Context: The mucoadhesive gel formulations are helpful to prolong the residence time at the nasal absorption site and thereby facilitate the uptake of drug. Sumatriptan succinate has oral bioavailability of 15% and undergoes hepatic metabolism, hence it is suitable for nasal administration.Objective: The objective of the investigation was to develop a mucoadhesive in situ gel to improve the bioavailability of the sumatriptan succinate. Materials and methods: Deacetylated gellan gum was used as gelling agent. In situ gel was formulated by ion activation mechanism in simulated nasal fluid. A 3 2 factorial design was found suitable to optimize batch. In vivo study was carried out in Spraugue-Dawley rats, and drug was estimated in plasma by UPLC-MS. Result: The optimized batch showed drug release of 98.57% within 5 h followed by Peppas model of drug release. Ex vivo studies on sheep nasal mucosa showed 93.33% within 5 h. In histopathological study, optimized batch was found to be safe and stable in accelerated stability study for three months.
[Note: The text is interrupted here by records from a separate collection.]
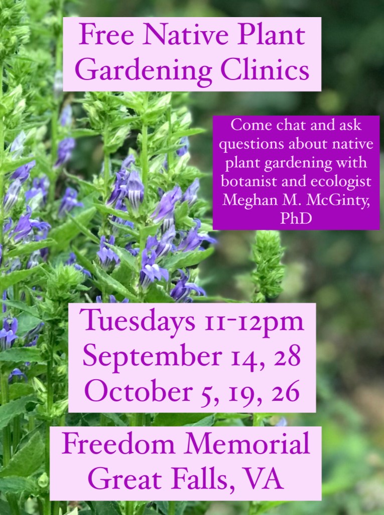 5 days only! Tuesdays 11-12pm on 9/14, 28 and 10/5, 19, 26 at Freedom memorial in Great Falls VA. This will be a casual question-driven clinic so bring your inquiries! Please register to attend by sending an email to CultivateNature@gmail.com.
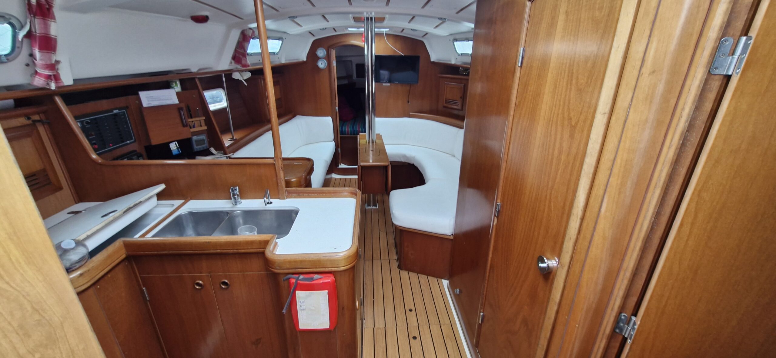 3 Cabines : Cabine avant propriétaire, 2 Cabine arrière double ,Grande salle d’eau avec espace douche
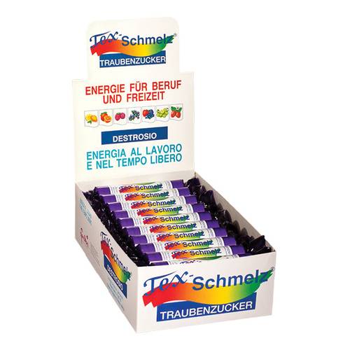 Tex-SchmelzDESTROSIO Caratteristiche Destrosio in rotoli, alla frutta. Disponibile nei gusti limone, lampone, fragola di bosco, ribes nero, frutti di bosco, arancia, albicocca e mela. Ridona forza ed energia, sia al lavoro, durante attività sportive e nel tempo libero. Formato Rotoli da 33 g. Cod.7004 / 7006 / 7001 / 7000 / 7009 / 7002 / 7003 / 7007
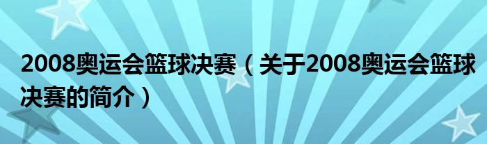 本文關于2008奧運會籃球決賽的簡介就講解完畢,希望對大家有所幫助。
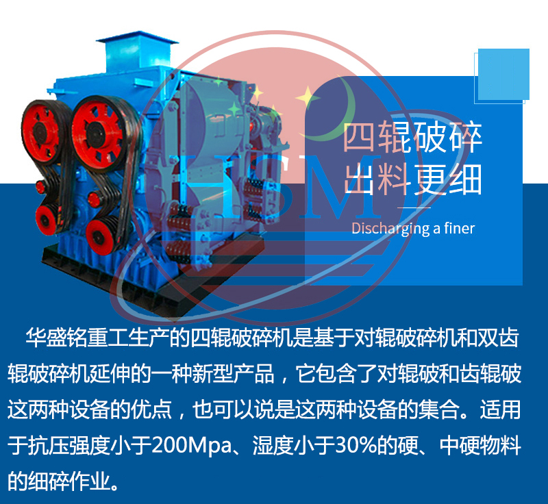 四輥破碎機也叫四齒輥破碎機,是一種冶金礦山設備配套中、細碎產品,適用進料粒度<90mm、成品粒度要求100目至5毫米的超細碎作業。四個輥面分為堆焊輥面或者平輥面,按照用戶要求粒度選擇組合,該設備具有結構緊湊,占地小,破碎比大、產量較高。
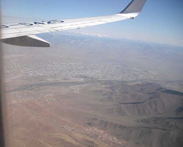 There were many surprises on the trip, the first being the route our aircraft took. I expected to leave Los Angeles International Airport and immediately be over the ocean (given that it's runway ends about 2,000 feet from the shore). I had a window seat on the right side of the plane, and for the first half of the trip we stayed either in sight of land, or over it. Our route took us up the West Coast of the United States. I saw the Golden Gate Bridge in San Francisco, followed by the cities of Portland, Seattle, and Anchorage. This route is called a "Great Circle". On flat maps of the world, the route doesn't make sense, but laid over a globe, one can see that it is, in fact, significantly shorter. This image (lifted off the web) only approximates our route. After leaving Alaska, we passed over the Bearing Straights, parts of Russia (Siberia), and finally descended into Beijing, China. From there we took a connecting flight to the famous Ghinggis Khaan International Airport in Ulaanbaatar, Mongolia. |
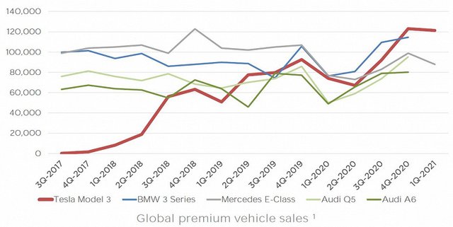Якщо порівнювати ці показники з іншими седанами преміум-класу (BMW 3-Series і Mercedes E-Class), то Model 3 виявилася безумовним лідером на ринку, обійшовши не тільки транспортні засоби на електричному приводі, але й бензинові автомобілі.
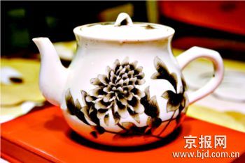 走馬觀花地看了一圈,沒有發(fā)現(xiàn)值得買的東西。正打算離開,玻璃櫥窗里的一把茶壺吸引了我,壺身瑩潤的白色釉面上,用濃淡不一的墨色畫了一枝折枝牡丹,牡丹顯得十分嬌艷,婀娜多姿;與之相呼應(yīng)著,壺蓋上也繪了一枝牡丹。我讓老板把茶壺拿出來,仔細(xì)觀看,這是一件清代光緒的茶壺,于是開始和老板講價(jià)。老板很會(huì)叫苦,說什么生意不好做,錢都到股市上去了。我一口咬定就一千元,一分不加,最后成交。
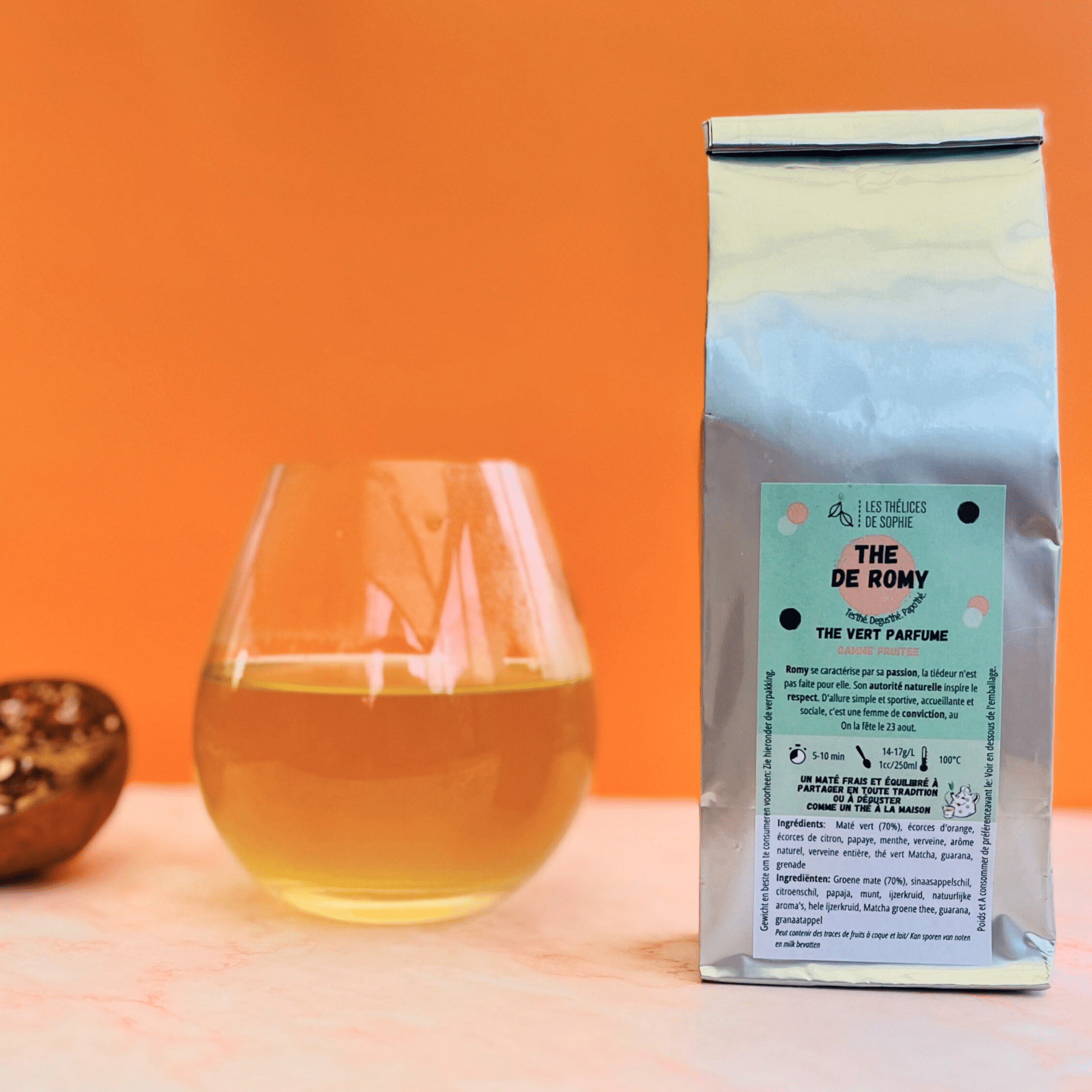 Dites Bonjour au thé de Romy, un mélange vif et chaleureux mêlant maté, agrumes, plantes et grenade. Une chaleur fruitée qui rassemble et illumine chaque gorgée (Ingrédients)

Optimized formulation, F7 has shown absolute bioavailability, which was found to be 164.70%. Drug targeting index for brain tissues was found to be 1.866. Discussion: Concentration of the gelling polymer was compromised for satisfactory gel strength and an acceptable viscosity. The release depended on viscosity of formulation. Drug targeting index indicates sumatriptan can reach to brain via olfactory pathway. Conclusion: In situ gel proved to be suitable for administration of sumatriptan succinate through nasal route. The ease of administration coupled with less frequent administration enhances patient compliance.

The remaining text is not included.